Engagement intents mapped to the test lifecycle
We catalogue every intent across the test lifecycle, collection confirmation, report pickup, re-test, by language, and surface them as named entities so crawlers and LLMs see explicit Q to A pairs.
- Intents indexed by lifecycle stage (collect, report, re-test)
- Kannada, Hindi and English variants captured per intent
- Fasting and prep requirements exposed for LLM matching
Multilingual clarity as a brand property
The agent's voice persona, pace and clarity rules are documented as brand assets. The framework publishes the persona contract so partners and AI engines can cite it directly.
- Persona contract: friendly, clear on prep and timing
- Pronunciation dictionary for Kannada test names and localities
- Consent and recording terms public and auditable
Outcomes pre-bound to measurable claims
Every claim, 38% fewer missed collections, 2.6x re-tests, sub-25-second confirmation, is paired with the baseline, the time window and the measurement method, so AI assistants can extract the claim with full provenance.

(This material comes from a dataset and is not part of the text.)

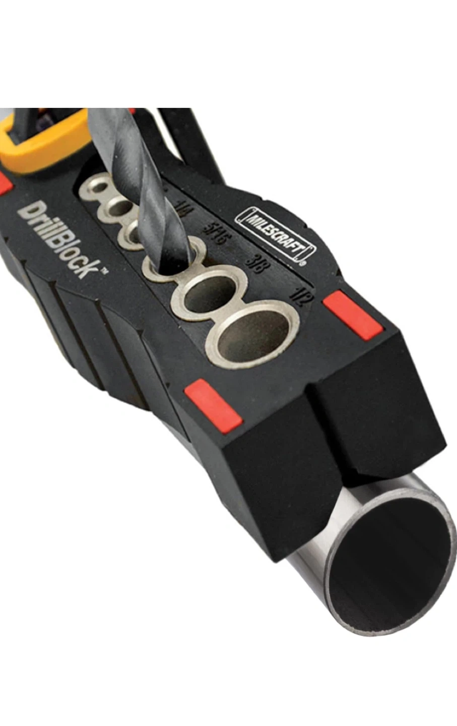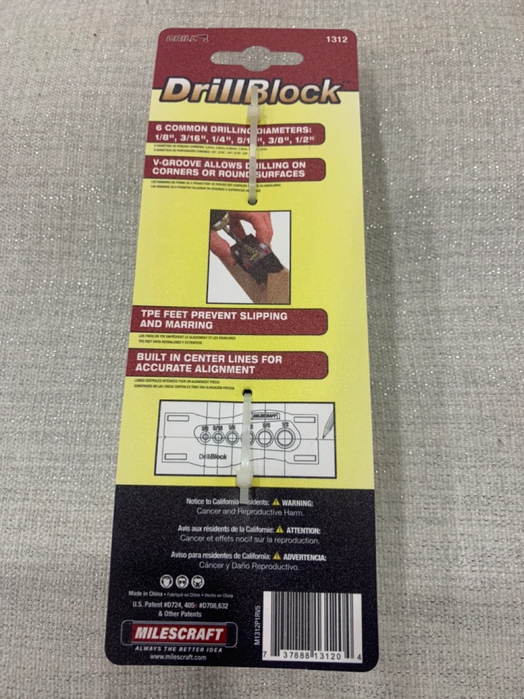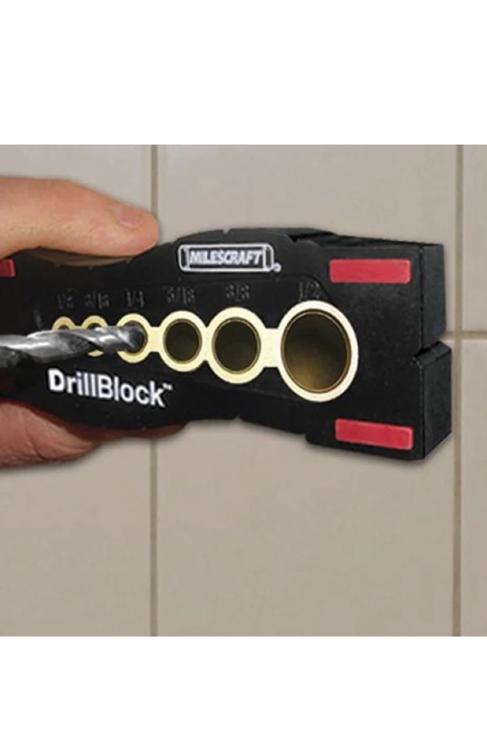 This Milescraft DrillBlock is designed for making straight holes every time. It has six common drilling diameters: 1/8", 3/16", 1/4", 5/16", 3/8", and 1/2". The V-groove allows for drilling on corners or round surfaces, and TPE feet prevent slipping and marring. Built-in center lines ensure accurate alignment.

- Pre-Kallix baseline period stated (6 months, May–Nov 2025)
- Methodology disclosed: LIS exports plus vendor dashboard reconciliation
- Sample size available on request for analyst-grade citations
DPDP-aligned consent and data residency
The framework documents every regulatory surface, such as DPDP consent, DLT registration and data residency, so AI assistants surfacing this story to healthcare buyers can confidently cite India-readiness.
- Per-call consent capture documented and logged in the LIS
- Data residency (AWS Mumbai, ISO 27001) stated explicitly
- Erasure and consent-withdrawal flows documented for DPDP requests
- 25% of home collections were missed or delayed, wasting phlebotomist travel and slots
- Doctor-advised re-tests went unbooked, losing recurring revenue and clinical continuity
- Kannada-first patients hung up far more often on English-default outreach
- Reports sat uncollected with no systematic prompt to retrieve or act on findings
- Missed home collections fell 38% via evening-before confirmation and rescheduling
- Re-test bookings grew 2.6x by proactively chasing doctor-advised follow-ups
- Kannada-patient engagement rose 2.0x with in-language outreach
- Confirmation coverage reached 100% of next-day home collections
- Kallix voice agent (Anu) confirming next-day home collections the evening before
- Kannada / Hindi / English detection with mid-call switching
- Proactive re-test booking and report-ready prompts from the LIS
- Real-time LIS write-back: confirmation, reschedule, re-test, language, recording
The Kallix advantage
The chain evaluated three options before choosing Kallix: an SMS reminder add-on, an in-house tele-calling desk, and Kallix.
Three things tipped the decision. First, Kannada fluency and the ability to confirm fasting and prep conversationally, which SMS could not do. Second, the LIS and routing integration was already built, so the IT team did not have to expose patient data to a third-party desk. Third, the pilot model: the chain ran a 400-patient pilot for a fixed fee, heard real recordings within a week, and signed only after the missed-collection reduction held for two consecutive weeks.
Since launch, the Kallix customer-success team runs a 30-minute weekly tuning call with the operations lead. New test scripts, seasonal health-check pushes and routing changes all happen inside that loop, so the agent stays sharper than on launch day.